Purpose : Fuchs endothelial corneal dystrophy (FECD) is a female predominant, age-related disorder, characterized by corneal endothelial cell (CEnC) loss. Ultraviolet-A (UVA) light has been shown to recapitulate the changes seen in FECD in females due to oxidative metabolism of estrogen. Previously, we have shown that acute exposure to UVA causes CEnC re-entry into G2/M phase and activation of p21, indicative of early senescent phenotype. However, the effects of chronic stress (CS), as seen in degenerative aging process, have not been explored. In this study, we investigate if prolonged exposure to oxidized estrogen (4-OHE2) and UVA, leads to a shift in cell cycle regulators and a pro-fibrotic phenotype seen in guttae formation in FECD.

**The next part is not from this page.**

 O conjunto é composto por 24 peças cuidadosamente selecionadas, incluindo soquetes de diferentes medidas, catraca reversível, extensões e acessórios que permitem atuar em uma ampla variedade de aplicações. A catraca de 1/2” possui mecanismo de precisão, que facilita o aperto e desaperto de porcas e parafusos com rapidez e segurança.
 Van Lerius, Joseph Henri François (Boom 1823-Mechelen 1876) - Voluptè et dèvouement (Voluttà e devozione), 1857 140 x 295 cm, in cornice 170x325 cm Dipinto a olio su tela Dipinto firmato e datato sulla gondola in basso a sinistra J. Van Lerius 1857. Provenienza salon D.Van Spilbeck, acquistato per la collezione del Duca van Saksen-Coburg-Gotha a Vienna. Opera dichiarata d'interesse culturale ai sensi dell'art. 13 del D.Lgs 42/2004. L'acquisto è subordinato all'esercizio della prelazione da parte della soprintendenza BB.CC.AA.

Methods : Chronic stress was induced by exposing HCEnC-21T to UVA (25J/cm²) and 4OHE₂ (20 µM) on days 1 and 6. Immunostaining, cell-cycle analysis, and RT-PCR were performed on day 9. Cell sorting of G0/G1 and G2/M was conducted by fluorescence activated cell sorting (FACS). UVA-irradiated (500J/cm²) C57BL/6J female mice were treated with a senolytic cocktail of Dasatinib (1mg/kg) and Quercetin (10mg/kg).

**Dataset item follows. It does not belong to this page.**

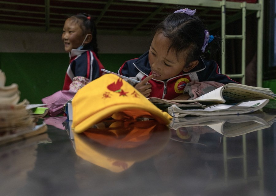 6月5日,扎西宗鄉(xiāng)完全小學學生在宿舍學習。

Results : CS induced greater cell reentry to the G0/G1 (60±2%) compared to G2/M (14±2%; p<0.01) and led to accumulation of higher p16 (65±9%; p<0.001), p21 (36±6%; p<0.001) and SA-β-Gal (60±8%; p<0.001) compared to non-stressed controls. Moreover, CS induced increased expression of cyclin D1 (66±4%; p<0.05), and downregulation of cyclin dependent kinase CDK4/6 (p<0.05) and pRB (9±3%; p<0.001) compared to controls, indicating G0/G1 arrest. RT-PCR analysis of FACS-sorted cells revealed upregulation of CDKN2A (5-fold; p<0.01) and ACTA2 (80-fold; p<0.001) in the G0/G1 compared to G2/M, indicating G0/G1-dependent induction of senescence and pro-fibrotic phenotype. Senolytics treatment in UVA-irradiated mice significantly reduced CDKN2A (12-fold; p<0.001), CDKN1A (8-fold; p<0.001) and ACTA2 (3-fold; p<0.001) and rescued CE cell loss (1.3-fold; p<0.001).

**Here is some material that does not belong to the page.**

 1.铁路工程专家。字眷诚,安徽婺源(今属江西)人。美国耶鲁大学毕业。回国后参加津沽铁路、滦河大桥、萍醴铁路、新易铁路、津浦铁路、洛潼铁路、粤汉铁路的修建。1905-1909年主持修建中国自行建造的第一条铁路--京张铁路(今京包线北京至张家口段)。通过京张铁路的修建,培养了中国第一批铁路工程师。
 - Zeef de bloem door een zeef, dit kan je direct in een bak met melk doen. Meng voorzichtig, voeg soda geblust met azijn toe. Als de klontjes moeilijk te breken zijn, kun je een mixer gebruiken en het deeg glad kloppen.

Conclusions : UVA and estrogen activate cell cycle re-entry into G2/M and with chronic exposure induce permanent cell cycle arrest in G0/G1 phase and irreversible senescence. This shift also leads to a pro-fibrotic phenotype as observed by upregulation of ACTA2, seen in FECD. Senolytics ameliorate senescence and fibrosis, suggesting a potential therapeutic target for preventing FECD.

This abstract was presented at the 2024 ARVO Annual Meeting, held in Seattle, WA, May 5-9, 2024.